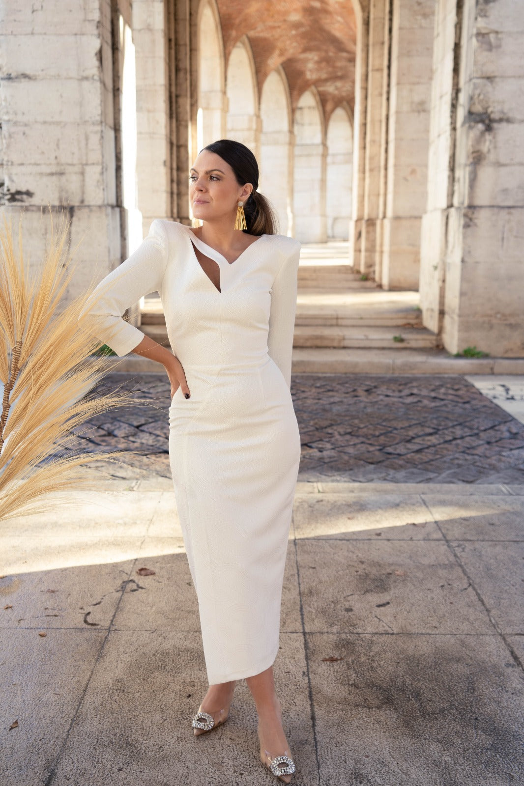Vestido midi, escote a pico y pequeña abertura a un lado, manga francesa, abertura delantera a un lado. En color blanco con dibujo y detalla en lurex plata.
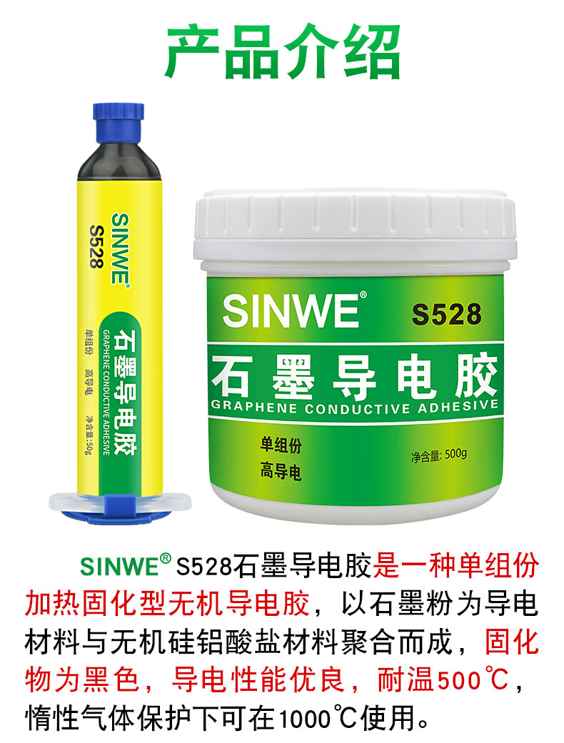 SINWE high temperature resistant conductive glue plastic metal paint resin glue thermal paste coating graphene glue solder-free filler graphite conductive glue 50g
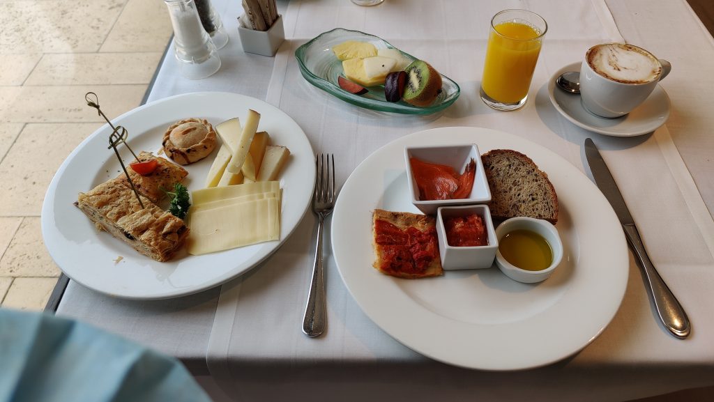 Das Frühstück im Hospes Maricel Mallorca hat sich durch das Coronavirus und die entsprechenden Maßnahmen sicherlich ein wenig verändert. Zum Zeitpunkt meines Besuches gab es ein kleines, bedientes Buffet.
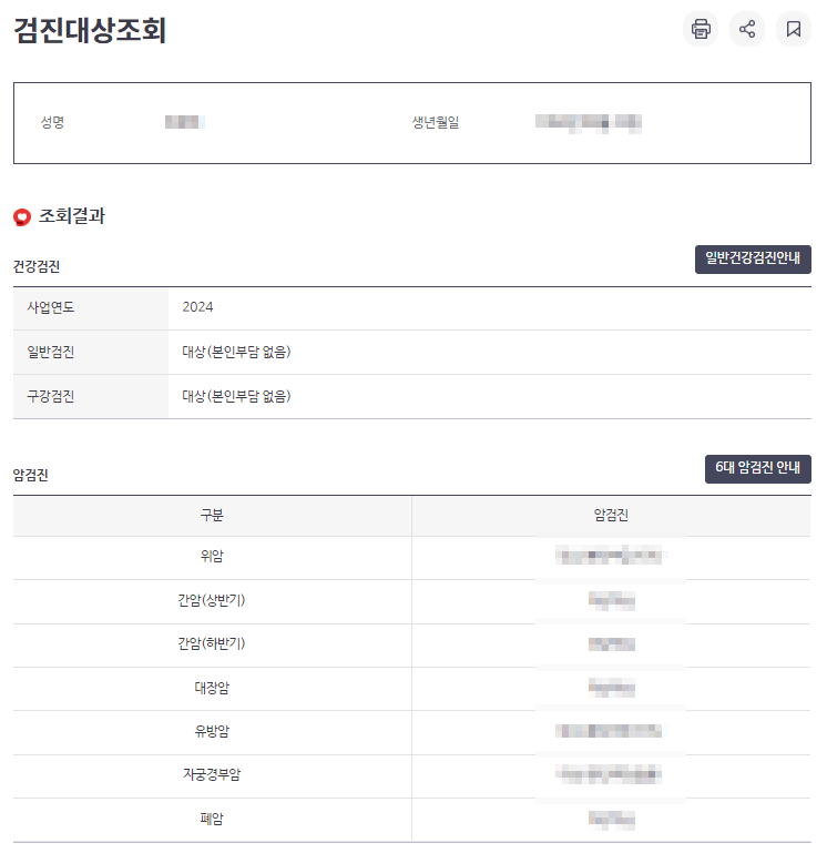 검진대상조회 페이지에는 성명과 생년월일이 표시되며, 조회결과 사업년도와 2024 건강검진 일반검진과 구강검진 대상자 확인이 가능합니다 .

> Requirement
It would help to have the listing above repeated exactly, with all images removed.

> Solved problem
Vestido midi, escote a pico y pequeña abertura a un lado, manga francesa, abertura delantera a un lado. En color blanco con dibujo y detalla en lurex plata.
 SINWE high temperature resistant conductive glue plastic metal paint resin glue thermal paste coating graphene glue solder-free filler graphite conductive glue 50g
 Das Frühstück im Hospes Maricel Mallorca hat sich durch das Coronavirus und die entsprechenden Maßnahmen sicherlich ein wenig verändert. Zum Zeitpunkt meines Besuches gab es ein kleines, bedientes Buffet.
 검진대상조회 페이지에는 성명과 생년월일이 표시되며, 조회결과 사업년도와 2024 건강검진 일반검진과 구강검진 대상자 확인이 가능합니다 .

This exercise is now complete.